**The data**:
+++

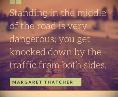 In het midden van de weg staan is erg gevaarlijk; Je wordt van beide kanten door het verkeer neergehaald. - Margaret Thatcher
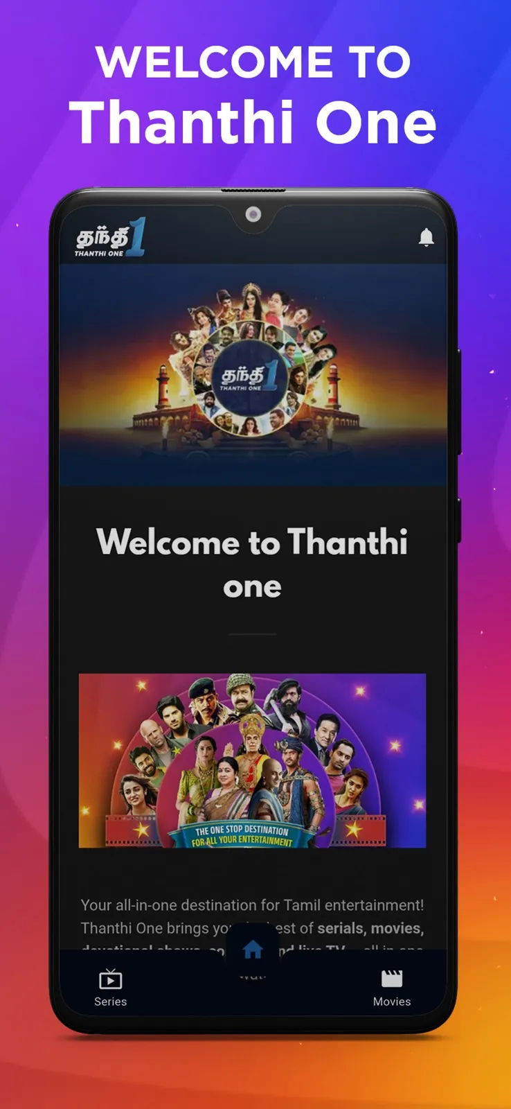 Dive into a world of boundless entertainment with Thanthi One, the newest app from the renowned Daily Thanthi Group. Designed to cater to Tamil-speaking audiences worldwide, Thanthi One offers an extensive library of pan-Indian and international content, all expertly curated and dubbed fully in Tamil for an immersive experience. Movies - Indulge in a cinematic journey like no other as you explore a diverse range of movies sourced from across India and around the globe. From Bollywood blockbusters to Hollywood hits, Thanthi One brings the best of cinema right to your screen. Epic Serials - Immerse yourself in epic series that transports you to different eras and realms. Experience the grandeur of devotional sagas such as Devi and Veera Anjaneya, or delve into historical epics like Porus and Chandragupta Maurya. Each series promises a thrilling adventure and a visual treat for the senses. ...
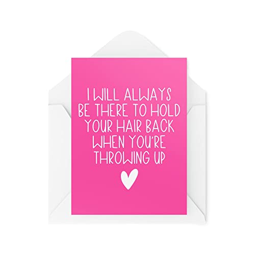 Roliga kort | 'I Will Always Be There To Hold Your Hair Back When You're Throwing Up Card | Bestie Girlfriend Wife Cute skämt Banter | CBH1060

+++

**What you will do**:
Copy out every line of the data above, taking care to leave the pictures out.

**The completed task**:
 In het midden van de weg staan is erg gevaarlijk; Je wordt van beide kanten door het verkeer neergehaald. - Margaret Thatcher
 Dive into a world of boundless entertainment with Thanthi One, the newest app from the renowned Daily Thanthi Group. Designed to cater to Tamil-speaking audiences worldwide, Thanthi One offers an extensive library of pan-Indian and international content, all expertly curated and dubbed fully in Tamil for an immersive experience. Movies - Indulge in a cinematic journey like no other as you explore a diverse range of movies sourced from across India and around the globe. From Bollywood blockbusters to Hollywood hits, Thanthi One brings the best of cinema right to your screen. Epic Serials - Immerse yourself in epic series that transports you to different eras and realms. Experience the grandeur of devotional sagas such as Devi and Veera Anjaneya, or delve into historical epics like Porus and Chandragupta Maurya. Each series promises a thrilling adventure and a visual treat for the senses. ...
 Roliga kort | 'I Will Always Be There To Hold Your Hair Back When You're Throwing Up Card | Bestie Girlfriend Wife Cute skämt Banter | CBH1060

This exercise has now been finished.